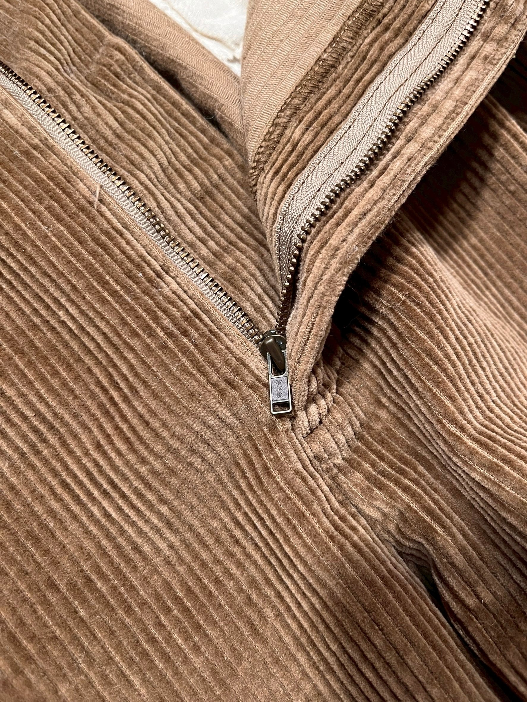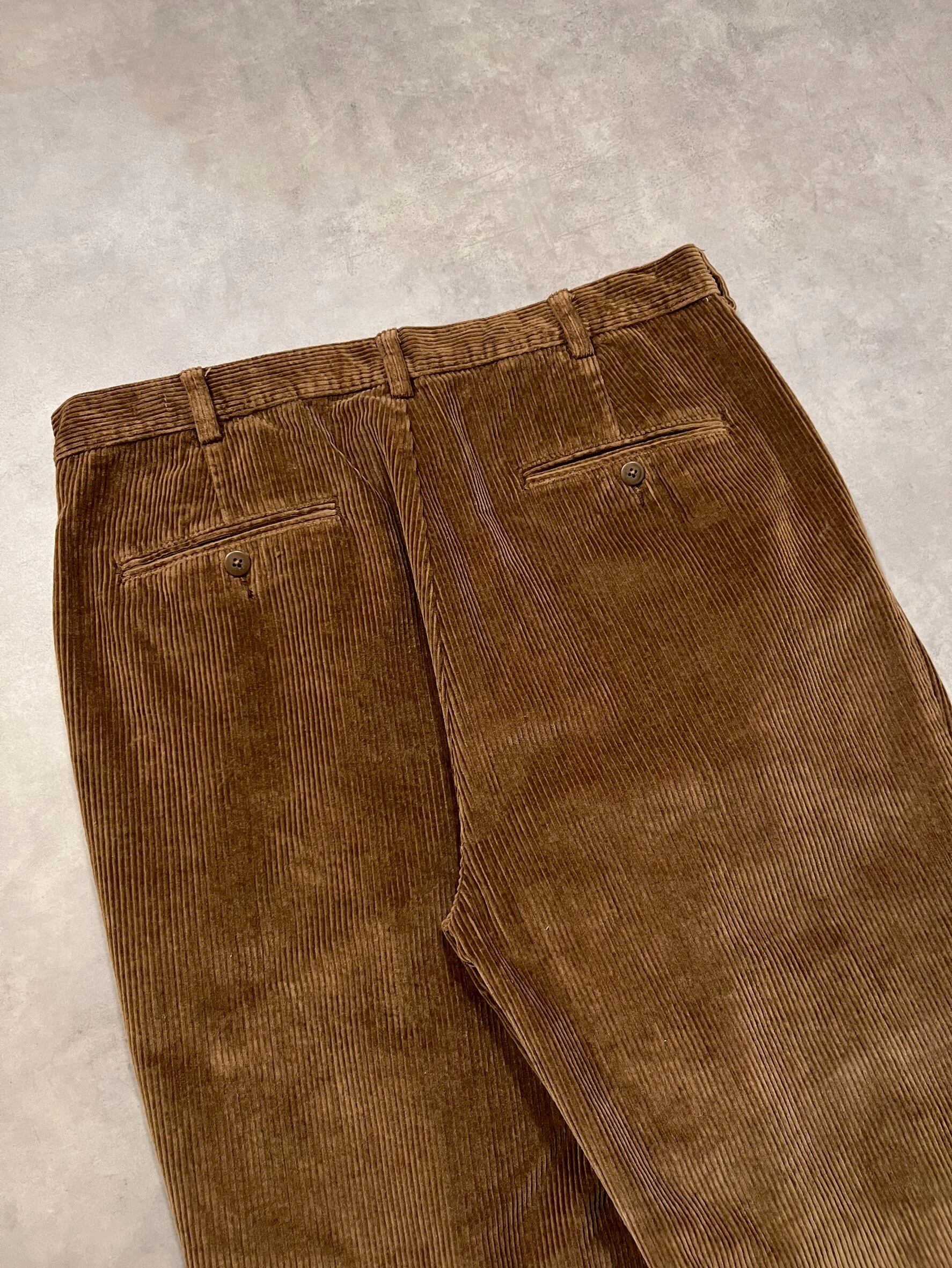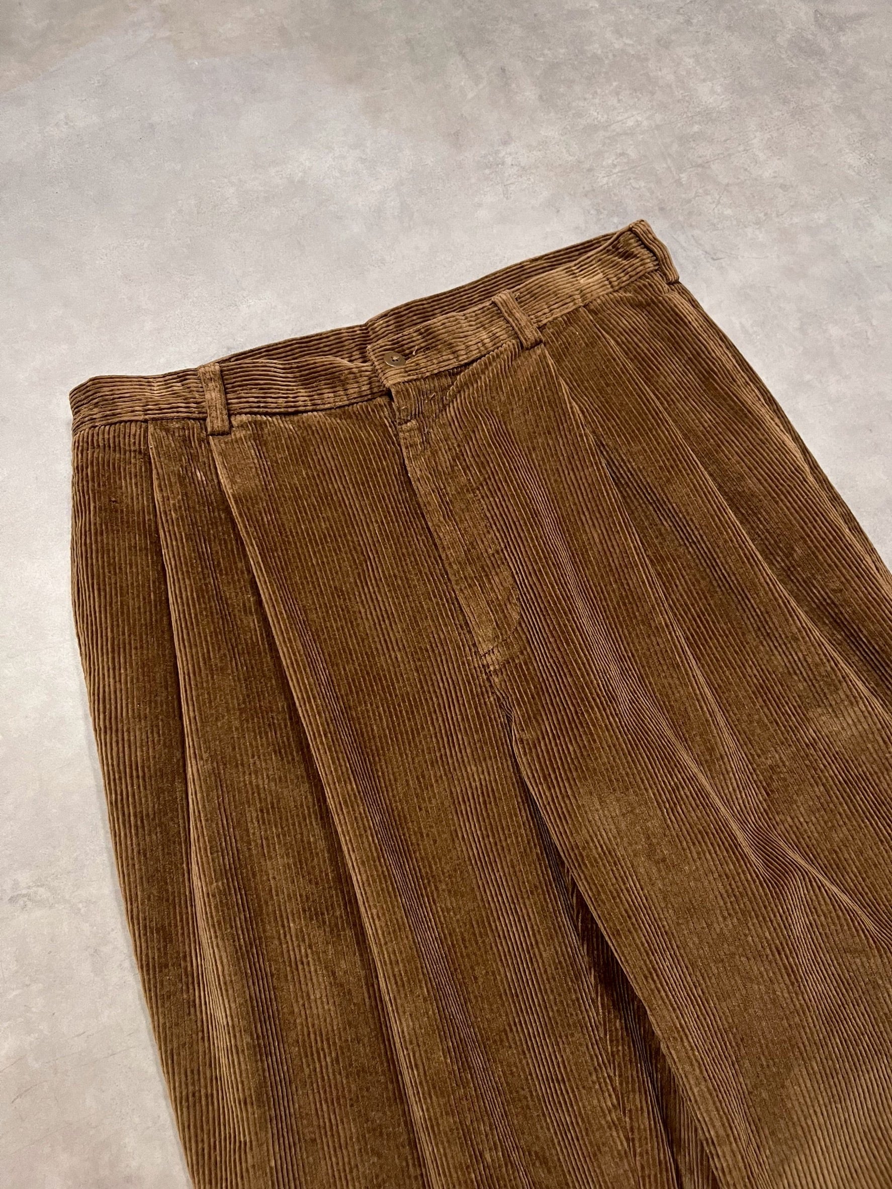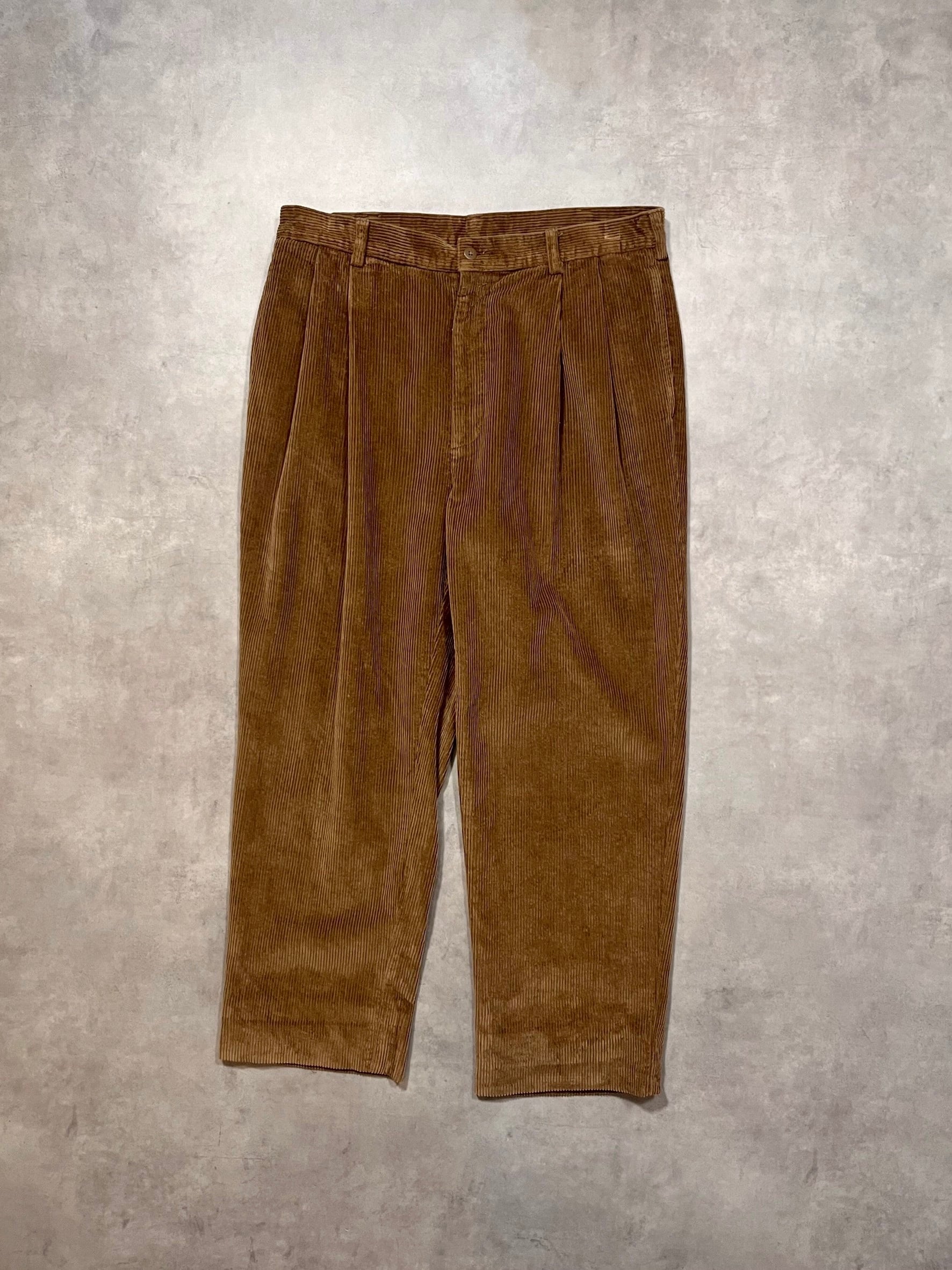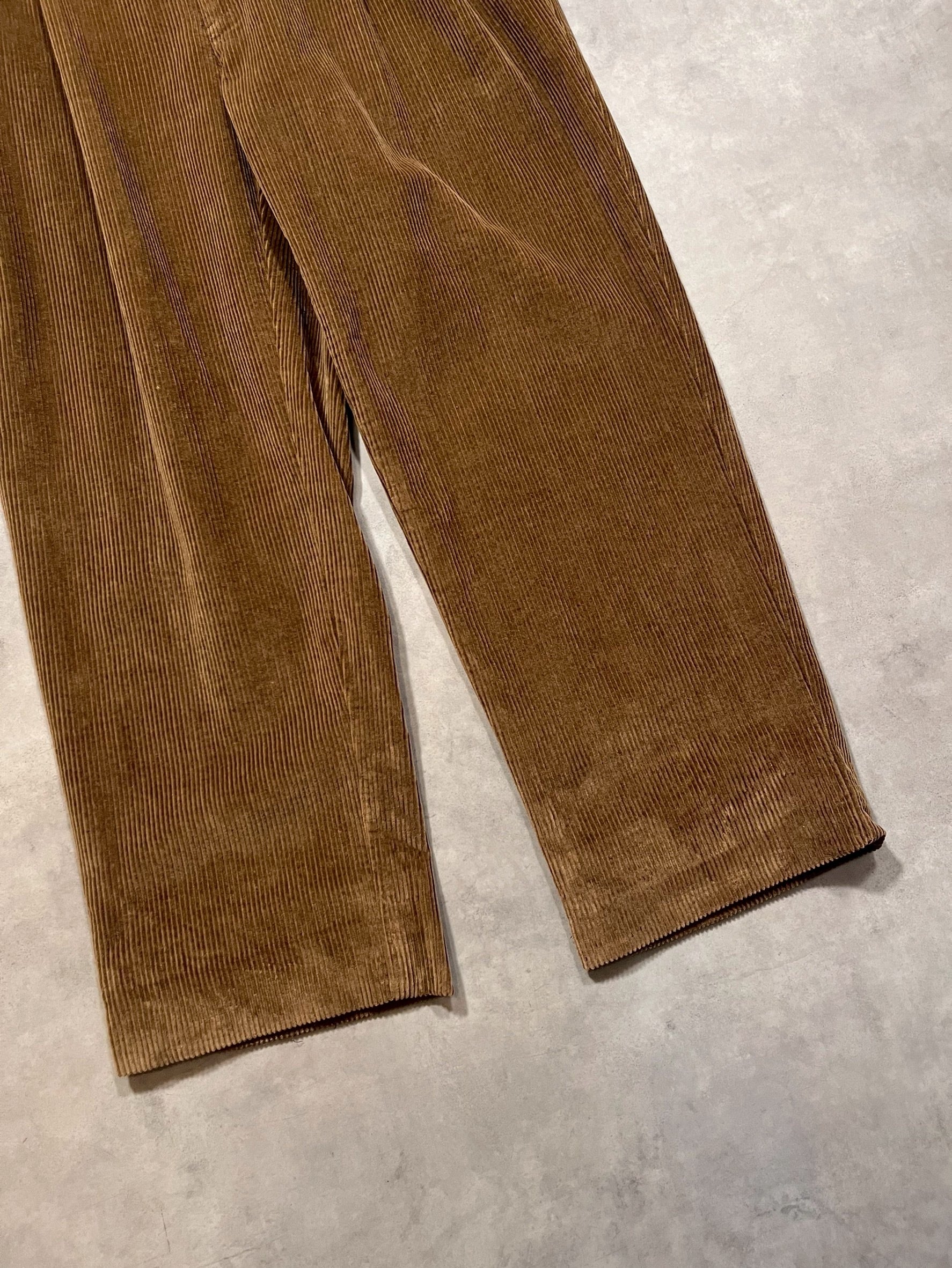 ライトブラウンの太畝コーデュロイが雰囲気良く、2タックのゆとりのあるシルエットもとても良いです
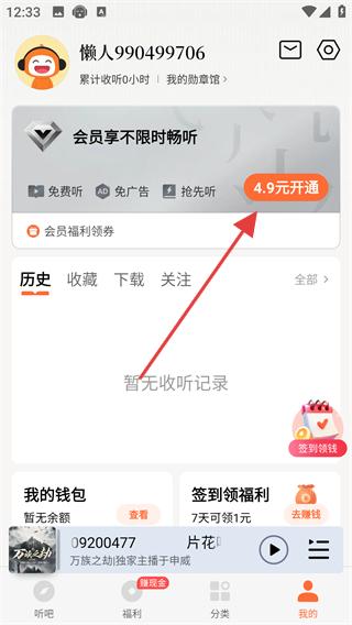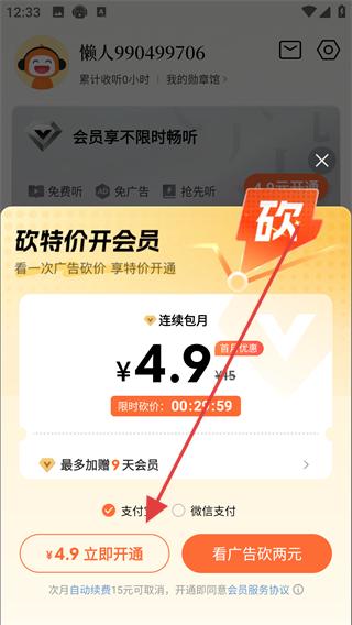 4、確認(rèn)支付方式后點(diǎn)擊4.9立即開通,完成支付,即可開通會(huì)員,享受免貴聽、免廣告、搶先聽等會(huì)員權(quán)益。
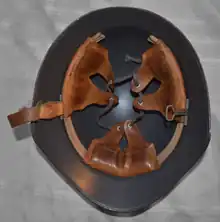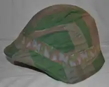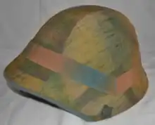 In 1940 a version of the M18 was made but with a shallower skirt and in 1943 most M18s and M18/40s were given a coat of matte black paint mixed with sawdust for a textured finish, as well as a new liner that only went around three-quarters of the circumference of the inside of the shell designated M18/43. New production helmets after this year having more shallow side skirts to its former model. The M1931 camouflage covers for the helmet were introduced in 1943; reversible from one of two patterns depending on the conditions.[3] A second type of camouflage cover was adopted in 1956 featuring a variant of the Swiss TAZ 57 pattern. The earlier M18 was exported to Argentina in the late 1930s and issued - as the M1938 - as its first combat steel helmet.[4] It was also used as a civil defense helmet painted a fluorescent yellow.

EXERCISE BRIEF: Retype word for word all the material given above, and keep the pictures out.

YOUR SOLUTION:
 ライトブラウンの太畝コーデュロイが雰囲気良く、2タックのゆとりのあるシルエットもとても良いです
 4、確認(rèn)支付方式后點(diǎn)擊4.9立即開通,完成支付,即可開通會(huì)員,享受免貴聽、免廣告、搶先聽等會(huì)員權(quán)益。
 In 1940 a version of the M18 was made but with a shallower skirt and in 1943 most M18s and M18/40s were given a coat of matte black paint mixed with sawdust for a textured finish, as well as a new liner that only went around three-quarters of the circumference of the inside of the shell designated M18/43. New production helmets after this year having more shallow side skirts to its former model. The M1931 camouflage covers for the helmet were introduced in 1943; reversible from one of two patterns depending on the conditions.[3] A second type of camouflage cover was adopted in 1956 featuring a variant of the Swiss TAZ 57 pattern. The earlier M18 was exported to Argentina in the late 1930s and issued - as the M1938 - as its first combat steel helmet.[4] It was also used as a civil defense helmet painted a fluorescent yellow.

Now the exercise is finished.